Instructions for the task:
Pictures are to be dropped from the copy. Retype the listing exactly.

########

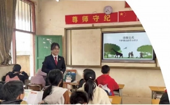 藤縣法院法官向?qū)W生講解環(huán)保法律知識(shí)。
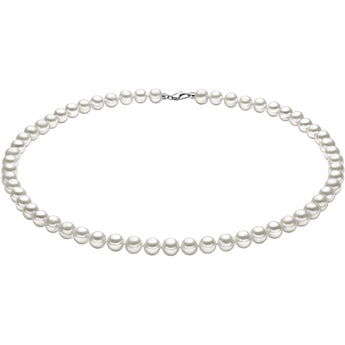 Collana Comete gioielli da donna con perle coltivate in acqua dolce con un diametro di 5/5,5 mm. La chiusura è a moschettone in oro bianco 18 Kt. la lunghezza è 42 Cm.
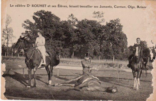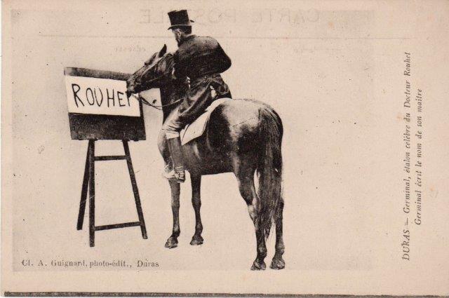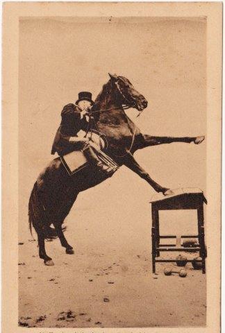 Described by Jean-Yves Marniesse, a Monségur local historian, as the “Don Quixote of the Dropt”, Georges Rouhet was a man of many talents. His legacy is two-fold. Firstly as what we would probably call today as a naturopath with a great belief in physical exercise as a stimulant to good health – he was a fond of taking mid-winter dips in an icy Dropt. Secondly he was a talented horse trainer, as the postcards bear witness to. Not much is known about this latter skill and we have to date only the cards to show us.
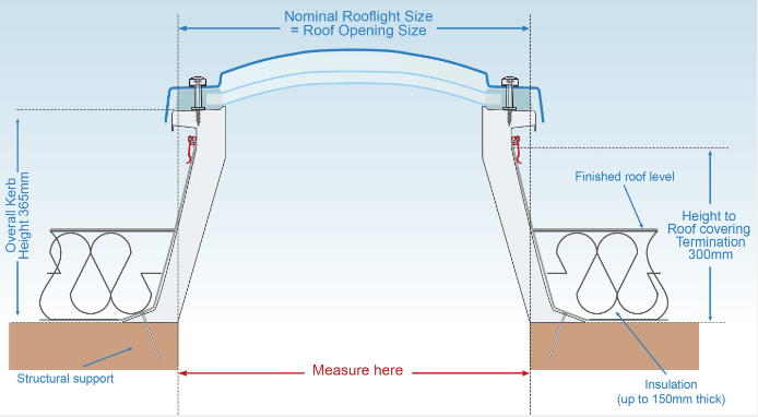 For mounting at roof surface level, providing 150mm of waterproofing height (exact kerb profile varies with specification)
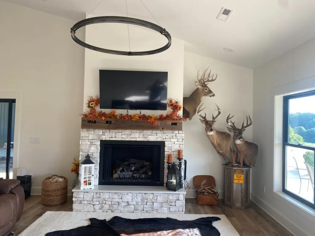 Cozy seating surrounds the fireplace in the living room, and rustic fall decor adds a seasonal touch. It all feels so homey and comforting.
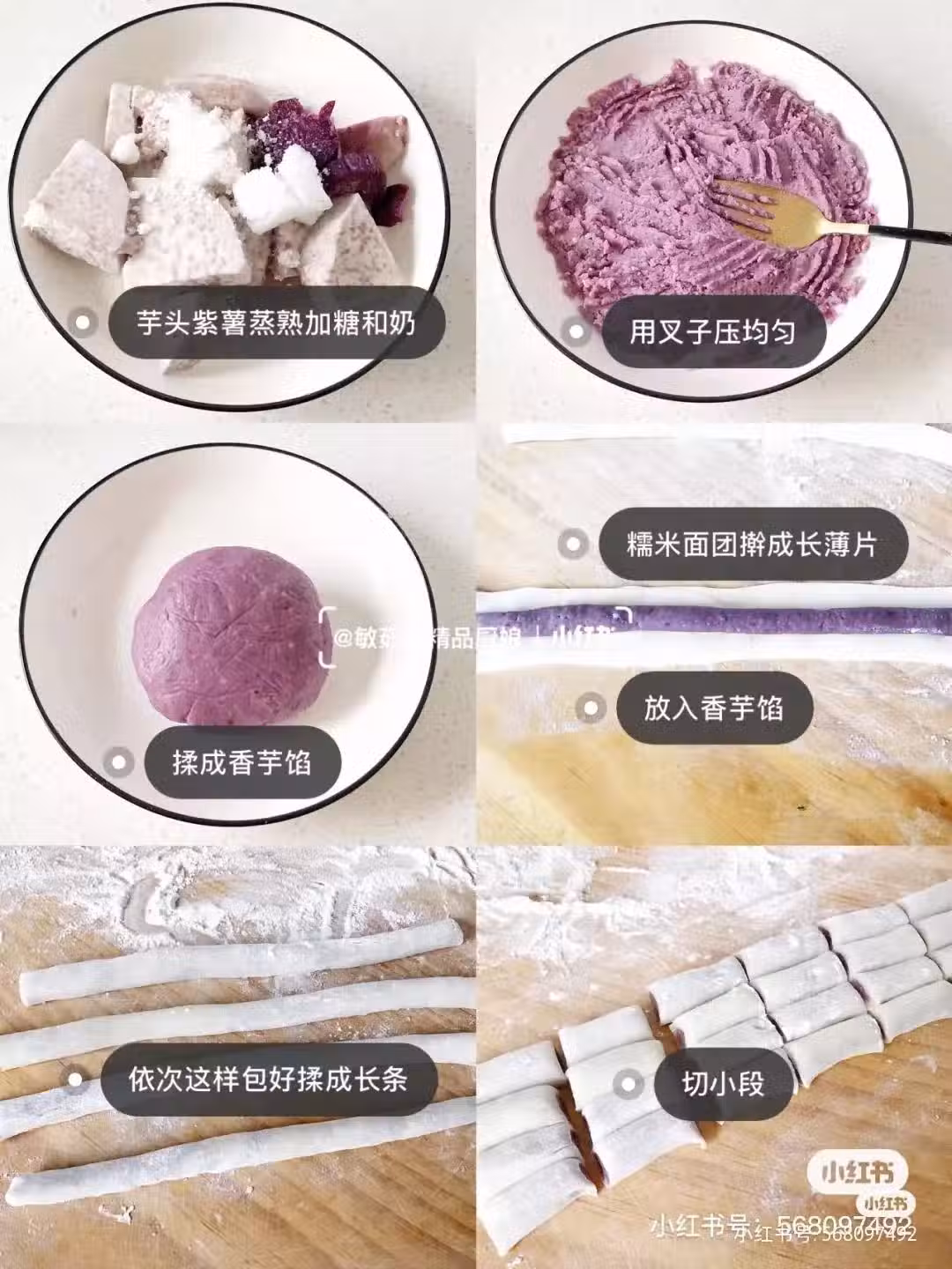 3.】面板上撒熟糯米粉,取一小塊糯米麵團,擀成長條面片,香芋餡搓長條放在長面片中間,兩邊捏好揉成光滑細長條狀,再切成段,冷藏後冰涼軟糯,好開胃的小甜點哦

########

Result for this exercise:
 藤縣法院法官向?qū)W生講解環(huán)保法律知識(shí)。
 Collana Comete gioielli da donna con perle coltivate in acqua dolce con un diametro di 5/5,5 mm. La chiusura è a moschettone in oro bianco 18 Kt. la lunghezza è 42 Cm.
 Described by Jean-Yves Marniesse, a Monségur local historian, as the “Don Quixote of the Dropt”, Georges Rouhet was a man of many talents. His legacy is two-fold. Firstly as what we would probably call today as a naturopath with a great belief in physical exercise as a stimulant to good health – he was a fond of taking mid-winter dips in an icy Dropt. Secondly he was a talented horse trainer, as the postcards bear witness to. Not much is known about this latter skill and we have to date only the cards to show us.
 For mounting at roof surface level, providing 150mm of waterproofing height (exact kerb profile varies with specification)
 Cozy seating surrounds the fireplace in the living room, and rustic fall decor adds a seasonal touch. It all feels so homey and comforting.
 3.】面板上撒熟糯米粉,取一小塊糯米麵團,擀成長條面片,香芋餡搓長條放在長面片中間,兩邊捏好揉成光滑細長條狀,再切成段,冷藏後冰涼軟糯,好開胃的小甜點哦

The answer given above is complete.